# Da-Da-Daddy-O Bomb



## IHT (Dec 27, 2003)

sorry for the Foghorn Leghorn referrence....

anywho - Coppertop and I were the recipients of a bombing run from Dadof3... our instructions were to fight over the contents.

THANK YOU!!
here are the contents.


----------



## floydp (Jun 6, 2004)

Congrats Greg and Mike, WTG Daddio.......


----------



## Gargamel (Nov 8, 2004)

> our instructions were to fight over the contents.


I'll take IHT in the 4th. :bx

Nice pics.


----------



## horrorview (Jan 27, 2005)

Hey Dad-o-Three! If ya need another kid around the house, I've been told I'm quite immature for my age!  

Congrats guys, and nice bomb, Dad!


----------



## IHT (Dec 27, 2003)

Gargamel said:


> I'll take IHT in the 4th. :bx
> 
> Nice pics.


mike is actually about an inch and a half taller and probably 20 lbs heavier...........

not that it matters, i'd take myself in the 1st rnd!!


----------



## miketafc (Dec 7, 2003)

IHT said:


> mike is actually about an inch and a half taller and probably 20 lbs heavier...........
> 
> Yeah but look at the prize -- Go for it. :bx
> 
> Wonder if we can have this entered in the Club Stogie Sports Book


----------



## IHT (Dec 27, 2003)

he came over last night and we already divvied them up.

and i had that long-skinny LGC, was pretty darn good (i was surprised at how good it was).


----------



## WillyGT (Sep 13, 2004)

Nice Bomb! SO how were they split?


----------



## Ms. Floydp (Jan 7, 2005)

Congrats on the bomb guys!! WTG dadof3!!


----------



## dadof3illinois (Nov 7, 2004)

I love all the LGC's but out of that group of smokes, the partagas black is really a great smoke. I always take the cello of my cigars, but when was pulling that partagas black out I noticed that the cello was very "yellow"!!!!

So I had to light one up and "WOW" what a great smoke it was!!!
Who ever got that one will have a nice smooth gar!!!

These are a sample of my normal smokes so if anyone see's something they would like to try just drop me a line.


----------



## pinoyman (Jan 28, 2005)

Hola Amigos, Those cigars looks good.
Congrats Guys, Those are something we don't have here in Cayman.
well they said they will start bringing the non cubans here.
enjoy the bomb guys.
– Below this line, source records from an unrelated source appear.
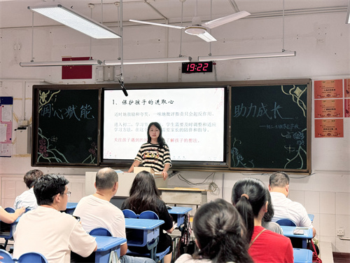 周凌峰副校长以其丰富经验为基础,运用鲜活实例分享了帮助孩子快速融入新环境、建立自信的方法。与此同时,各班级班主任也详尽地剖析了新生的学习特性及成长需求,并针对个体差异给予定制化的亲子互动建议,鼓励父母与子女之间展开更多深层次的情感交流,一同克服学习道路上可能遇到的各种障碍。
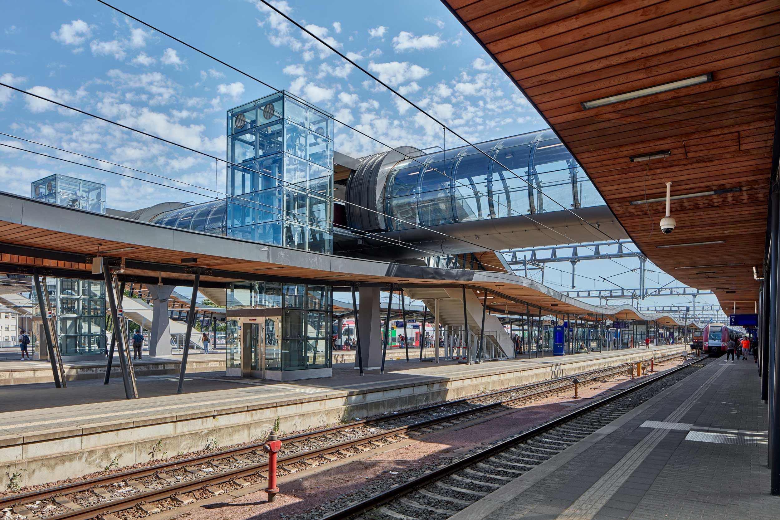 Fin de l’année passée, une toute nouvelle passerelle piétonne a été mise en service à la gare de Luxembourg-ville en lieu et place d’un ouvrage provisoire. Ce renouvellement, réalisé dans le cadre du projet d’extension et de modernisation de la gare, a pour but de moderniser la structure et aussi d’offrir un accès sans barrières à tous les usagers. Piétons, cyclistes et personnes à mobilité réduite peuvent y circuler pour rejoindre Bonnevoie depuis le quartier de la gare, en enjambant les six quais et les dix voies ferrées.
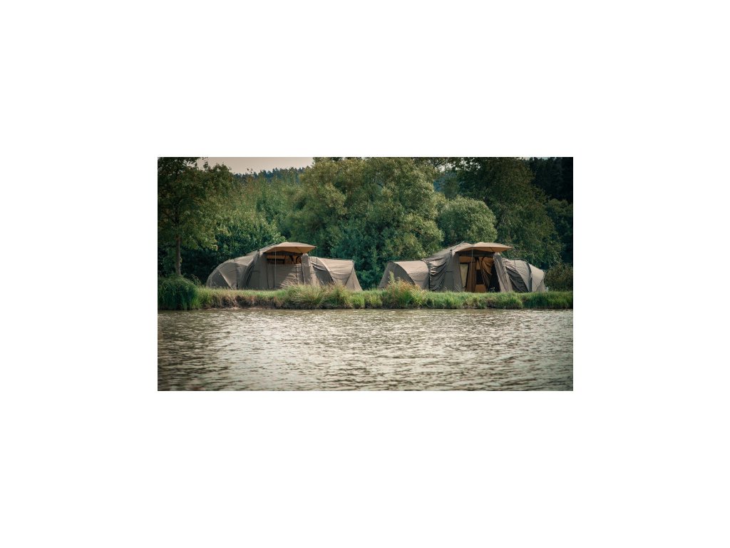 - K přístřešku Base Camp lze pomocí Bivvy Connection Kitu připojit jakýkoliv bivak nebo brolly na trhu
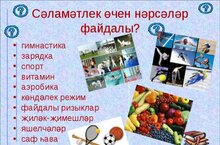 Тәрбияче: Хәерле көн, балалар. Бүген бездә сәламәтлек көне. Без бүген сәламәтлек иленә сәяхәткә барырбыз. Сәламәтлек, иң беренче елмаюдан башлана. Әйдәгез әле, бер-беребезгә елмаеп карыйк һәм хәерле көн телик.
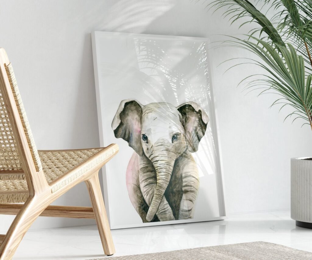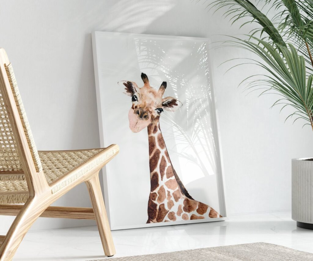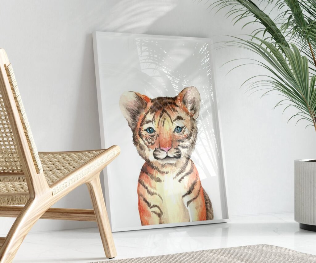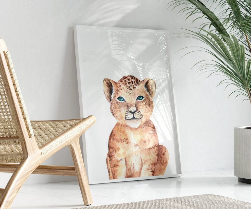 Lion tiger monkey giraffe elephant set of 1, Woodland Baby Animal Posters
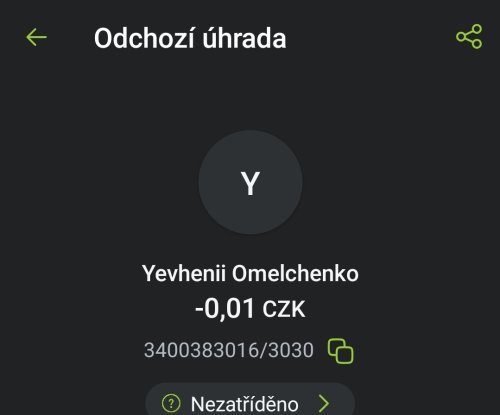 Poslat zprávupřidal/a skutečné jméno majitele účtu: Yevhenii Omelchenko k bankovnímu účtu: 3400383016/3030
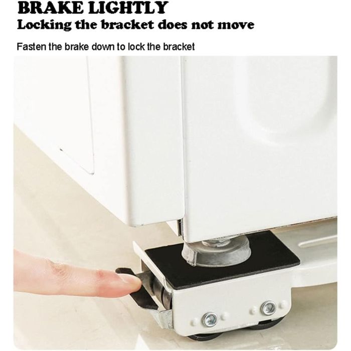 - لا توجد خطوات تثبيت معقدة أو أدوات مطلوبة. ببساطة ضع دعامتين تحت زوايا الثلاجات أو الغسالات أو غسالات الصحون أو المجففات أو الأجهزة المنزلية الأخرى والأثاث، ثم اضغط برفق على الفرامل لتثبيت الدعامة
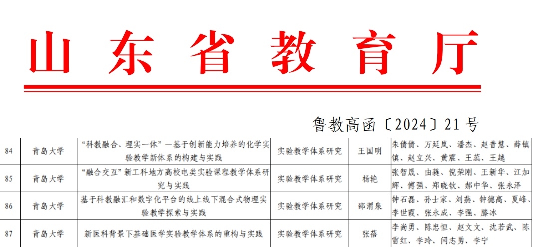 新聞網訊 近日,山東省教育廳公布了2024年實驗教學和教學實驗室建設研究項目立項名單。我校《新醫科背景下基礎醫學實驗教學體系的重構與實踐》等五個項目獲批立項。
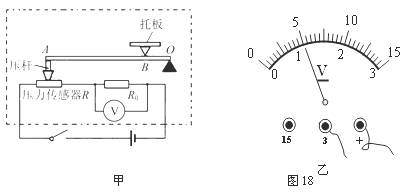 (1)托板空载时,电压表的示数如图18乙所示,求定值电阻R0的大小。

Salud! :w  :hn


----------



## LasciviousXXX (Oct 12, 2004)

Yeah my money's on Mike cause IHT is the original BOP :fu

However if Copper's inflatable girlfriend gets involved it could get ugly :r


----------



## IHT (Dec 27, 2003)

lol....

daddy-o, i think i got the partagas black, the short VSG, the Italia, we split the ITs, and i got the butt-plug Fonseca.. i don't know what else i got, let me look.

yep, 
LGC Serie R
long/skinny LGC
ButtPlug Fonseca
2 ITs
short VSG
Italia
Don Elias
Party Black


----------



## dadof3illinois (Nov 7, 2004)

:r "Butt Plug" :r , now that's funny!!! I have to say, I've never thought of it that way!!!


----------



## coppertop (Dec 29, 2003)

Greg has military training.........I take him in the first and me in the fetal position begging for mercy. But, luckily it didn't come to fist-a-cuffs.....I took some pics when I got home of what I got. Thanks Jerry, when this cold is over I will get to smokin......


----------



## IHT (Dec 27, 2003)

i had the short VSG tonight. started off great...... 
-------

as for the "butt-plug" remark, had to think of something, i don't know it's real name. and that Party that mike ended up with looks like the polished cat turd from the 'short story'.


----------



## TheSmokingHiker (Jan 11, 2005)

Way to go dadof3!!! Congratz on the sticks guys. You are 2 deserving LLG's.


----------



## dadof3illinois (Nov 7, 2004)

I hope you start feeling better Mike, look at it this way......your sticks are getting some age on them now? :r


----------



## IHT (Dec 27, 2003)

i had the "italia" tonight, jerry. i've always liked CAOs. very good.


----------



## dadof3illinois (Nov 7, 2004)

IHT said:


> i had the "italia" tonight, jerry. i've always liked CAOs. very good.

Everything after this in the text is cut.